In the invention as described in (2), because the thermal barrier coating (TBC) of the heat resistant material is applied to the blade, so that temperature lowering of the blade after stoppage of the gas turbine becomes slower, the temperature difference between the blade fitting portion and the platform becomes smaller and thus the thermal stresses are made smaller. Also, temperature lowering of the blade portion where the thicker TBC is applied becomes further slower, and the temperature difference between the blade and the platform becomes further smaller. Moreover, because of the platform portion where the thinner TBC is applied, temperature lowering of the platform at and around this portion is comparatively fast, so that the temperature difference between the blade fitting portion and the platform becomes further smaller and thus thermal stresses caused thereat are made further smaller. Also, in the invention as described in (3), because the fillet exterior of the blade fitting portion is elliptically curved, the curvature of the fillet exterior becomes large and the stress concentration in this portion can be mitigated.

In the invention as described in (4), when the gas turbine is stopped, the control unit opens the opening/closing valve for the predetermined time so that cooling air from the platform cooling air supply system may be led actively into the cooling passage of the platform, and the platform is cooled even during stoppage of the gas turbine. Hence, cooling of the platform, which is slower in temperature lowering than is the thin moving blade, is accelerated. Also, the temperature difference between the blade and the platform is made smaller to suppress occurrence of thermal stresses, and thus occurrence of cracks is prevented.

In the invention as described in (5), because the shank portion which fixes the platform is elongated in its height direction as compared with the conventional shank portion, deformation caused by thermal stresses at the connection portion of the blade and the platform is absorbed by a damping effect which results from the elongation of the shank portion, thereby mitigating the influences of thermal stresses whereby occurrence of cracks is prevented.

In the invention as described in (6), pertaining to a first stage moving blade, because there are two flow paths of the serpentine cooling passage in which the cooling air flows toward the blade leading edge side and toward the blade trailing edge side, the blade interior is cooled effectively. At the same time, because the recessed portions or cut-out portions are provided in the platform front and rear end faces near the blade fitting portions on the blade leading edge and trailing edge sides, the thick portions right under the mentioned blade fitting portions are thinned by the recessed portions.
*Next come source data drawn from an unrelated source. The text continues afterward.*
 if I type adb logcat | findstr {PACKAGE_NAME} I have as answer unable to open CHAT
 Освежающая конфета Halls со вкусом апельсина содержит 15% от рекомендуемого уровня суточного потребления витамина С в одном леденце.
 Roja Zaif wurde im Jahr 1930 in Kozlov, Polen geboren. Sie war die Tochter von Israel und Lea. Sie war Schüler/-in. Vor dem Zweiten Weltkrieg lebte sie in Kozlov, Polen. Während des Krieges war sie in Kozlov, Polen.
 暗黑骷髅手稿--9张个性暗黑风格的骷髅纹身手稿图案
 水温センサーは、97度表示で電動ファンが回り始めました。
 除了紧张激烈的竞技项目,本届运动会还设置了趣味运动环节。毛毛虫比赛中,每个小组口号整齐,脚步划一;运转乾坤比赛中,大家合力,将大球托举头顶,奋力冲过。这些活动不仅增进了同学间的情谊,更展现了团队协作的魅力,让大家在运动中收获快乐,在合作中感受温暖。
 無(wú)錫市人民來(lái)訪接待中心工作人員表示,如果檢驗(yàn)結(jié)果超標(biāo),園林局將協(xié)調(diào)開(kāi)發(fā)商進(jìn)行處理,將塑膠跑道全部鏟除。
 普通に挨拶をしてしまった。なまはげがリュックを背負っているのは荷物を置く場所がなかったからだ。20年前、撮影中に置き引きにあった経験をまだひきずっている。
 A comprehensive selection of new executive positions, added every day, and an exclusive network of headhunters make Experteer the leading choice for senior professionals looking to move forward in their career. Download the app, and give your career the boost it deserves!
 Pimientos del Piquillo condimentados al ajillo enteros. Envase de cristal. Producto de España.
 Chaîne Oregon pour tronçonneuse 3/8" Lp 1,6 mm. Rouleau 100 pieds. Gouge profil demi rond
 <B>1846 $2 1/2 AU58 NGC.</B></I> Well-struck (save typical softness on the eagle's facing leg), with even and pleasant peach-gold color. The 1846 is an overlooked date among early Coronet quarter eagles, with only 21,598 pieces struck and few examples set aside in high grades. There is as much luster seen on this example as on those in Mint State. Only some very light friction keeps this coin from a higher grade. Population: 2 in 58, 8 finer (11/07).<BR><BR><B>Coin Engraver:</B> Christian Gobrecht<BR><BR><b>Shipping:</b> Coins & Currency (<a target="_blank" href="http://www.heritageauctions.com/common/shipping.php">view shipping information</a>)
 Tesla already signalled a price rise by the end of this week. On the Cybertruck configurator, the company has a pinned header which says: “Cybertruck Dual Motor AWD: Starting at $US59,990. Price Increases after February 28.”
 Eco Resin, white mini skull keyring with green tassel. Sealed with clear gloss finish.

Thus, there is eliminated a sharp thickness change between the thin blade and the thick platform, and also mass of the platform in the mentioned portions is reduced to lower the thermal capacity thereat and to thereby make the thermal capacity difference smaller. Accordingly, the temperature difference caused by the difference in the cooling velocity between the blade and platform becomes smaller, and occurrence of cracks due to thermal stresses as have been caused at the connection portion of the blade and the platform is prevented. Moreover, because the platform is cooled by the cooling air flowing through the cooling passages of both side end portions, or the blade ventral and dorsal side end portions, of the platform, as well as the cooling air flowing out of the platform side end face through the cooling holes provided along the cooling passage on the blade dorsal side end portion of the platform, the blade dorsal side end portion of the platform which is exposed to high temperature combustion gas, and thus prone to be in a thermally severe state, is cooled effectively.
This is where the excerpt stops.